Aujourd'hui, nous sommes venus ensemble célébrer Noël, et si nous nous sentons d'une manière ou d'une autre au foyer parce que nous avons une Sangha dans laquelle nous pouvons revenir, et à chaque fois que nous pensons à la Sangha, nous nous sentons chaud au coeur. C'est parce que nous avons dévoué notre temps et énergie à construire une Sangha. Nous pouvons penser au vingt-et-unième siècle, nous devons être conscient, nous devons être éveillés à propos du fait que suivre la tendance de l'individualisme causera beaucoup de souffrance à nous-même et aux autres personnes. Nous devrions nous réorienter, nous devrions voir que nous devons participer, contribuer au travail de reconstruire une Sangha, une vraie famille, une vraie communauté. Notre famille devrait être plus solide. Nous ne devrions pas être seulement une famille nucléaire, ce n'est pas assez.
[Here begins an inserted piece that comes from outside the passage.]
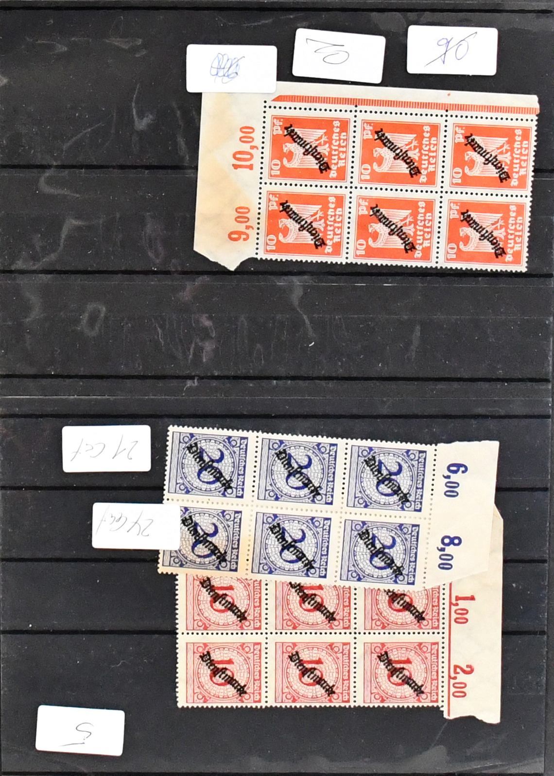 Deutsches Reich Dienst, Zusammenstellung inkl. einiger Besonderheiten wie postfr. Bogenecken Nr. 108 (WOR) und 110 (POR), 113 postfr. und neunmal gest., 130 postfr., Partei- und Behördendienst mit zweimal Nr. 177 gest. (ungepr.) usw. Mi. ca. 4500,-, günstig!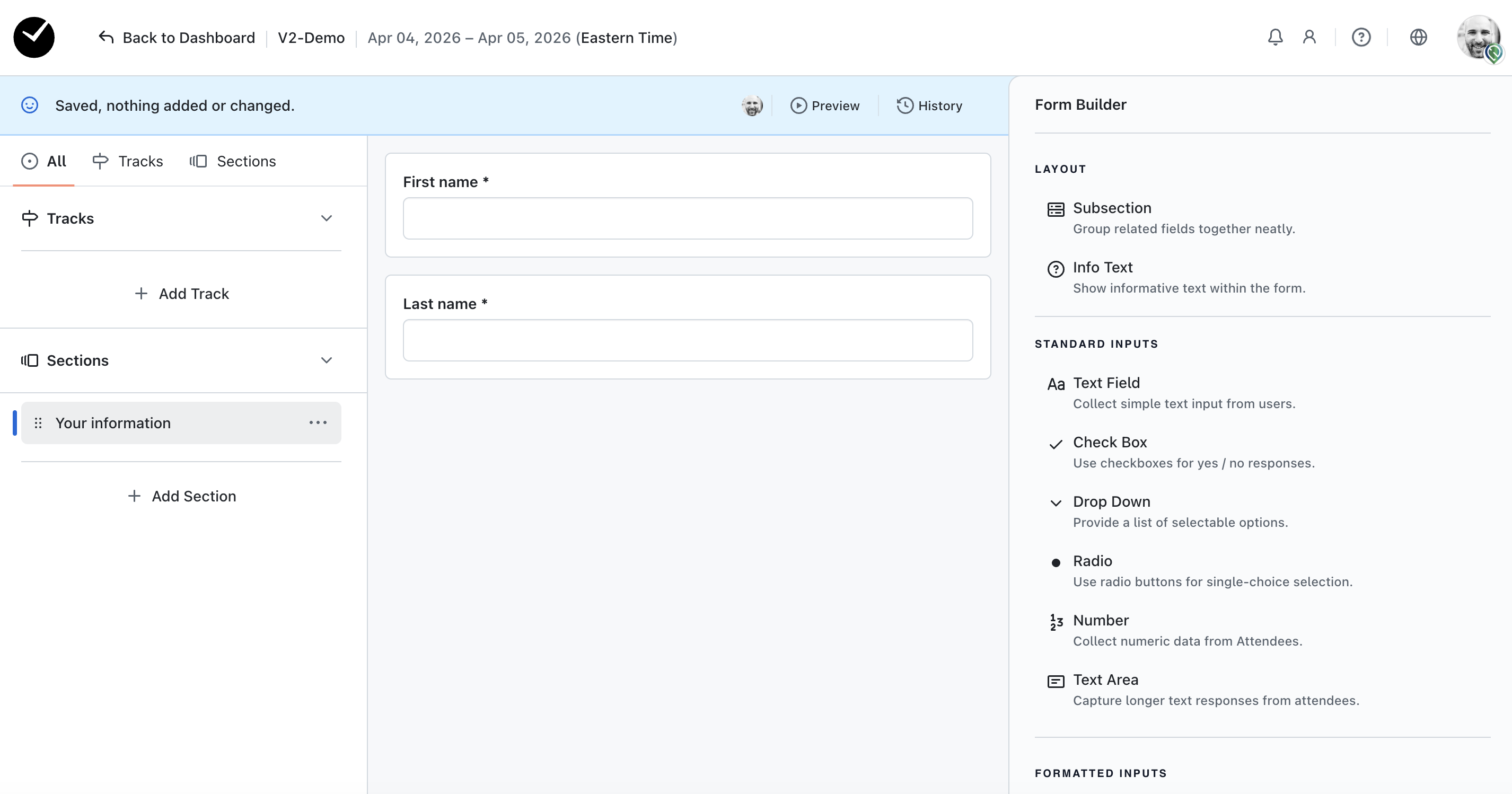 To learn more about adding pages, fields and tracks to your event form, we have some more in-depth articles available for you:

Et si la famille de sang n'est pas solide, nous devons demander de l'aide à une communauté spirituelle, et les deux sortes de communauté devraient s'aligner entre elles. Noël est un temps où nous avons une opportunité de réfléchir à cela. Comment construire une vraie famille où tout le monde se sent beaucoup plus en sécurité, plus solide, où chacun est enraciné dans tous les autres? Quel le rôle d'une communauté spirituelle, aidant à construire notre famille?


Joyeux Noël, Merry Christmas!


(cloche)


Enseignement donné le 24 Décembre 2008 en anglais, traduit et transcrit par Pháp Thân.